True. But strictly from the confederate viewpoint, blacks did not serve legally as combat soldiers until March of 1865.
Once again, fabrications and non-sequiturs Nancy dearie.
Any statement that the 1st Louisiana Native Guard, organized as a Louisiana State Militia Unit and accepted for service by the Governor, changed sides en masse is FALSE. The fantasy that the United States colored troops were 188,000 Black soldiers” when their ranks also held the Hispanic, Native Peoples, and other non-whites who were not allowed to serve in the ranks of the segregated Union Army is also typical of rewritten history.
According to the records of the Union Army, General Butler’s own memoirs, and the recently-published diary of Col. Banks, Commanding Officer of the 2nd Louisiana Native Guard, only six of twenty-six Confederate Native Guard officers accepted Union service (and were driven out of service within a few months), while less than ten percent of the rank-and-file of the Confederate 1st Louisiana accepted Union service.

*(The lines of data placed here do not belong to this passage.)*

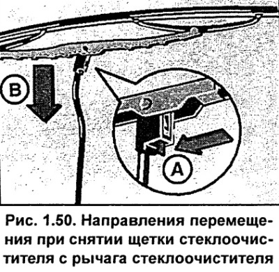 Naciśnij przycisk zwalniający wycieraczkę (strzałka A, rysunek 1,50), następnie przesuń szczotkę wzdłuż dźwigni (strzałka B) i przesuwając ją w przeciwnym kierunku, zdejmij ją z ramienia wycieraczki.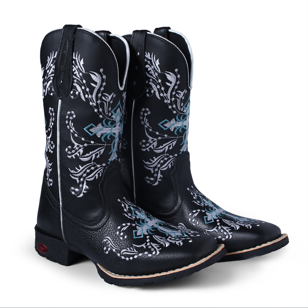 Comprar na ShopeeBota Texana Bico Quadrado Country Em Couro Bordada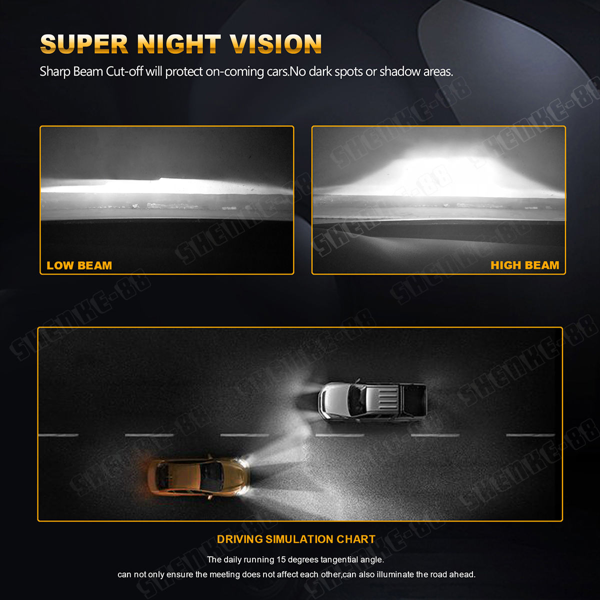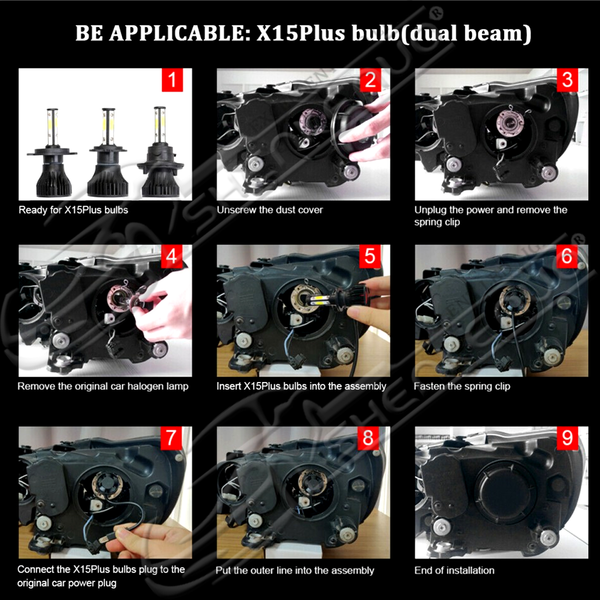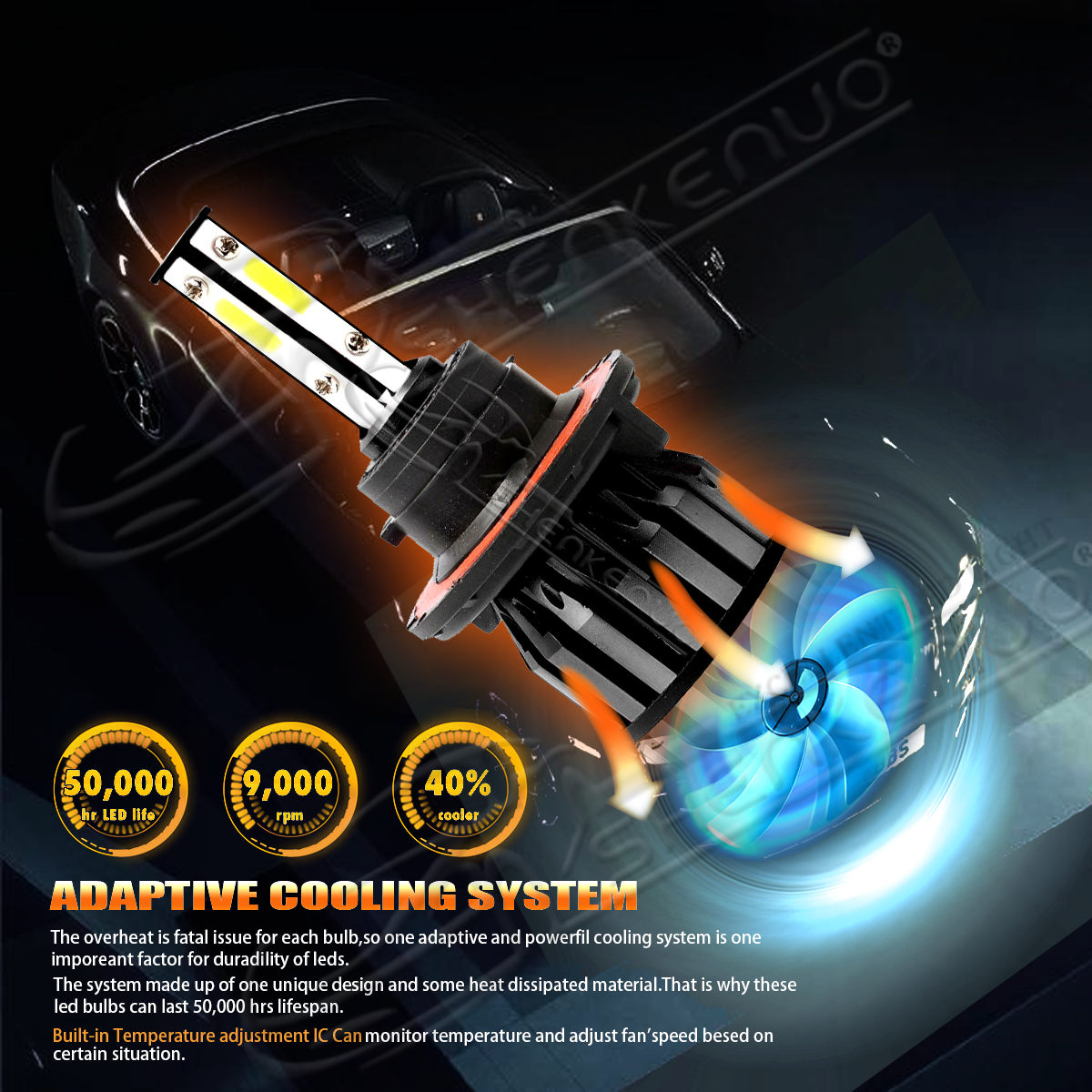 - 4 Side COB LED Bulbs, 360° clear light beam,on each side to provide more lighting effects in lower power consumption. It can be 200% brighter than your factory halogen bulb and more lighting effect in 80 wattages (per set).360° adjustable extremely beam pattern.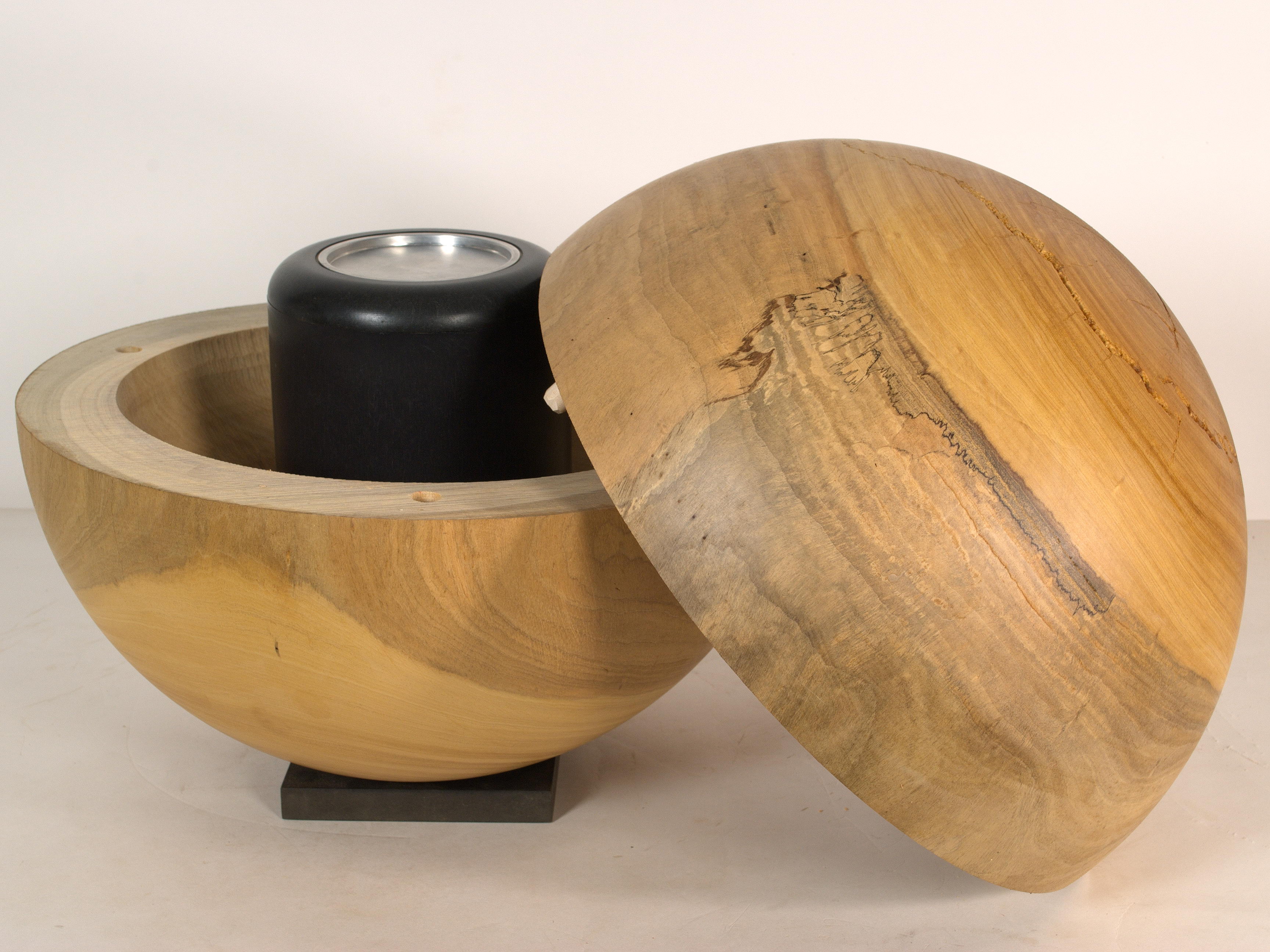 | Urnenkapsel: | Die Schmuckurnen höhle ich aus, damit eine Urnenkapsel in der Länge von 24 cm und einem Durchmesser von 17,5 cm hineingelegt werden kann. Wenn es der Platz erlaubt, sind die Aussparungen etwas größer, damit z.B. auch Platz für ein Stück Stoff ist. |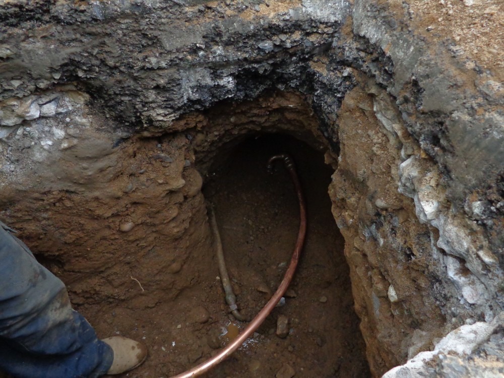 The copper water Line installation started at 8:30 AM with the crew excavating the “tap hole” in the roadway, the water had to be shut off before the new pipe could be installed. The other members of the installation crew began excavating additional holes in the roadway and on the property. This particular job required special safety precautions including a flagman to assist traffic in flowing as usual.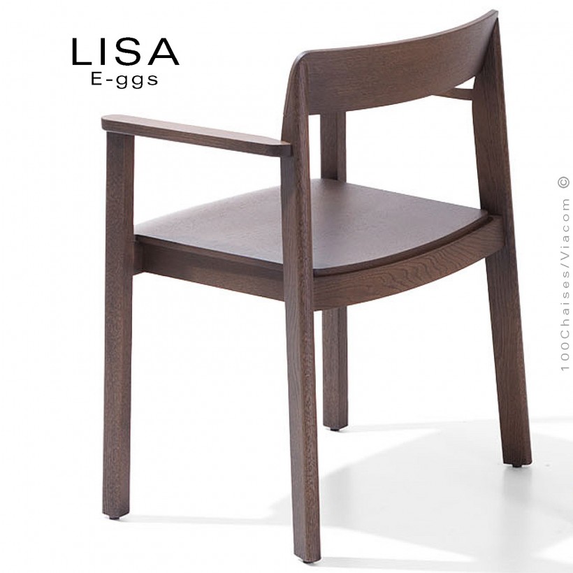 Fauteuil en bois massif de Chêne LISA, piétement 4 pieds, empilable, assise et dossier multiplis de bois de Chêne foncé.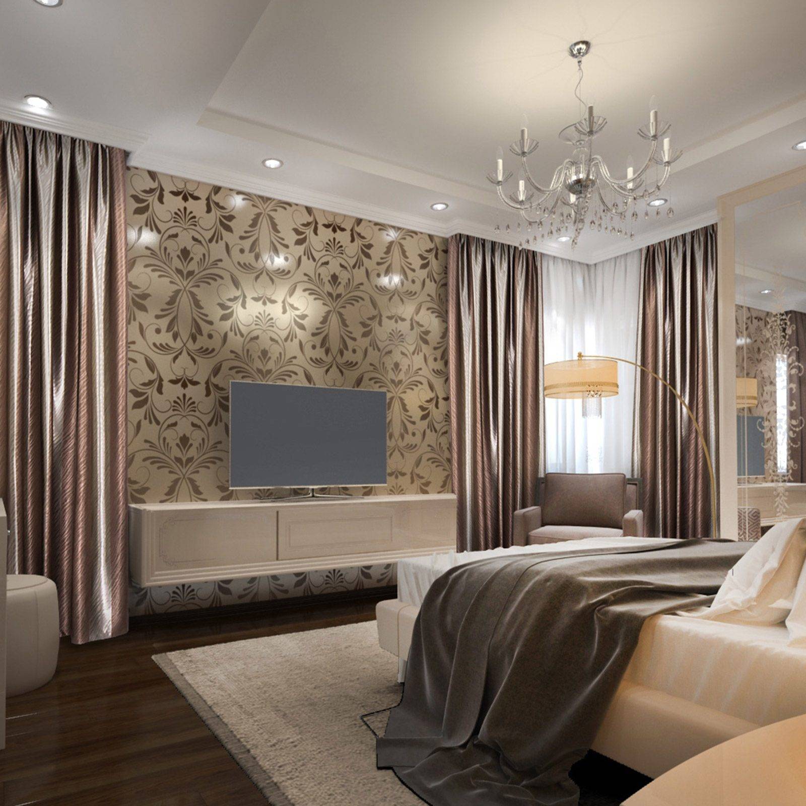 Спальная с повешенными занавесками коричневого цвета будет смотреться идеально и роскошно. Данное решение придаст комнате интимности и спокойствия.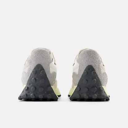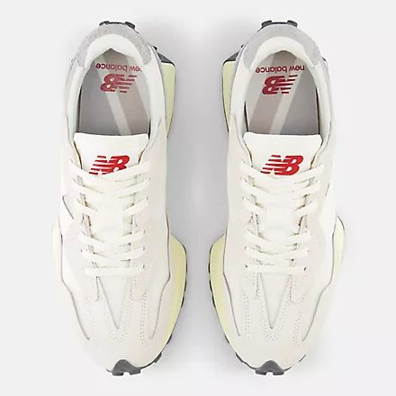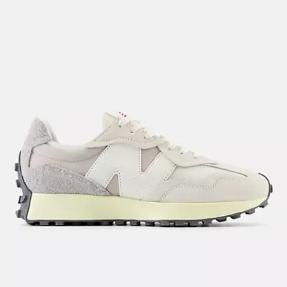 As recreational running grew in popularity in the 1970s, the benchmark for running shoes shifted from mere existence to performance. While the designs of the era would be considered simple by today's standards, this decade stands out as the moment when running shoes truly took off. The 327 sheds new light on the '70s as a time of innovation by boldly reshaping classic design elements with a distinctly contemporary perspective. With an angular reworking of the tried-and-true wedge silhouette, an oversized, asymmetrically applied "N" branding, and a trail-inspired, wraparound lugged outsole, the 327 offers nothing less than a complete reinvention of our running heritage.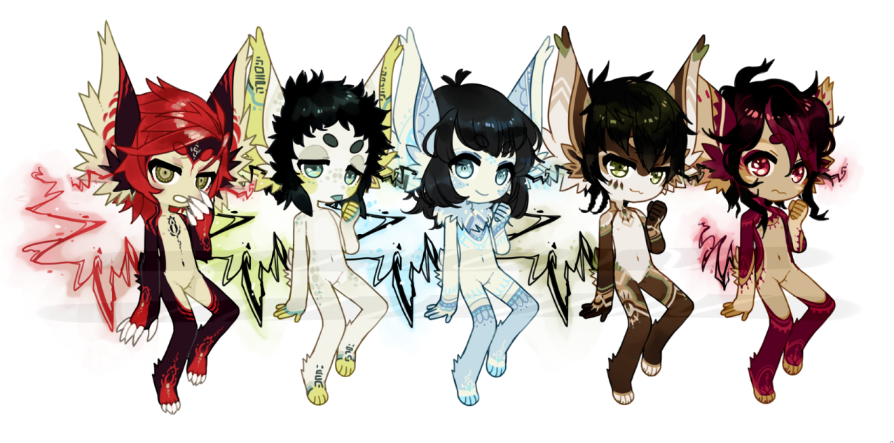 Please make sure to follow the trait canons! E.G., no colored lightening currents, hair can be "dyed' but should naturally be primarily black, no flop ears, etc.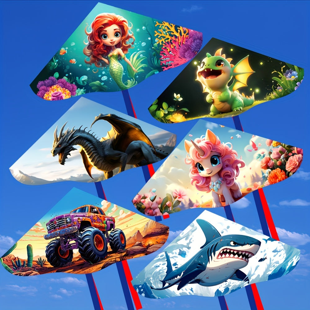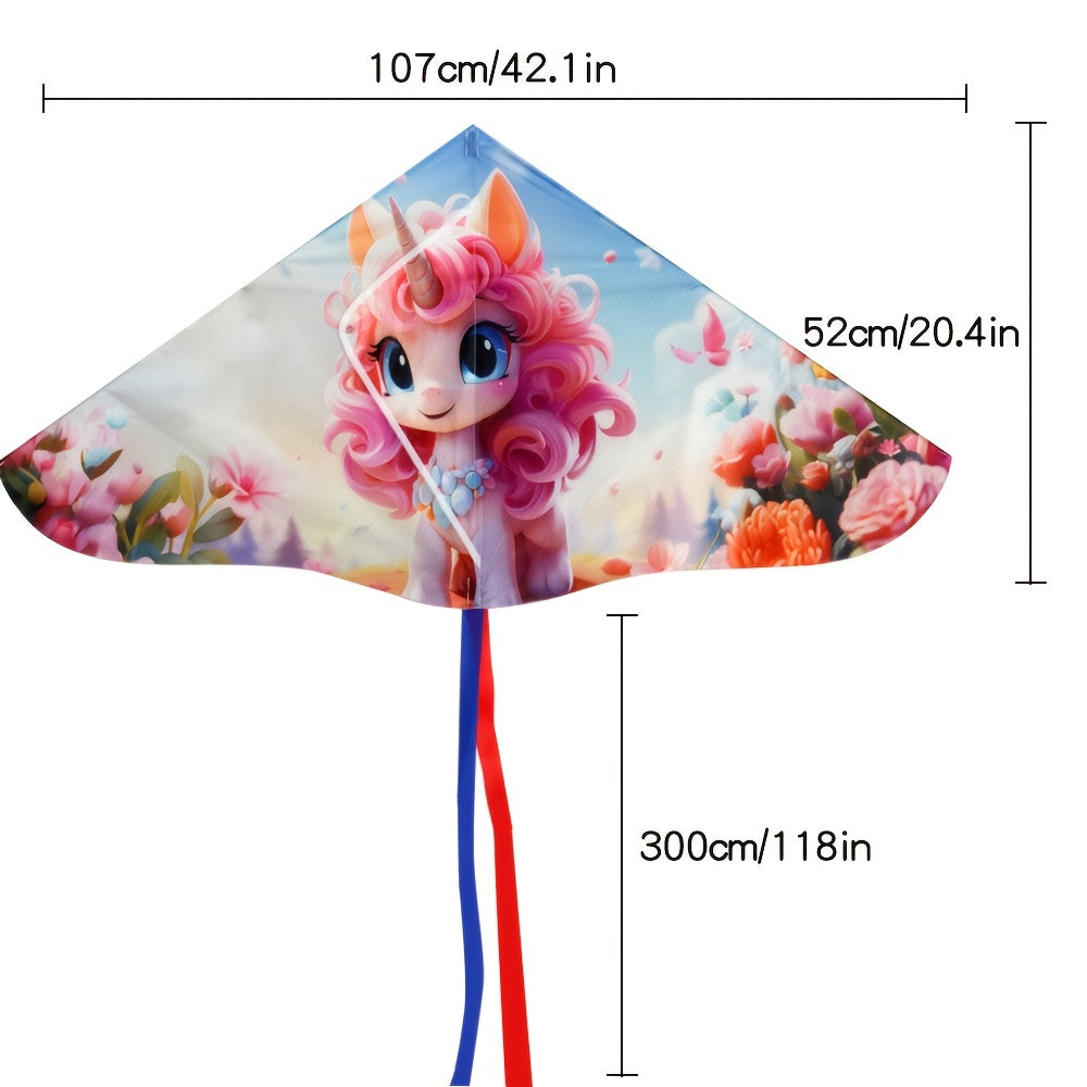 1 cerf-volant triangulaire à motif de dessin animé, comprenant une ligne de 1968.5 pouces, adapté aux divertissements de plein air et aux cadeaux de Noël.

That only twenty-three percent of the officers and less than ten percent of the enlisted men of the 1st Louisiana Native Guard switched sides is ample evidence that there was little enthusiasm for the offer made by Butler.
The 1st Louisiana Native Guard, CSA, can trace its origins to the Louisiana Battalion of Free Men of Color who served under Jackson in the War of 1812 and whose officers were the first Black military officers in U.S. history.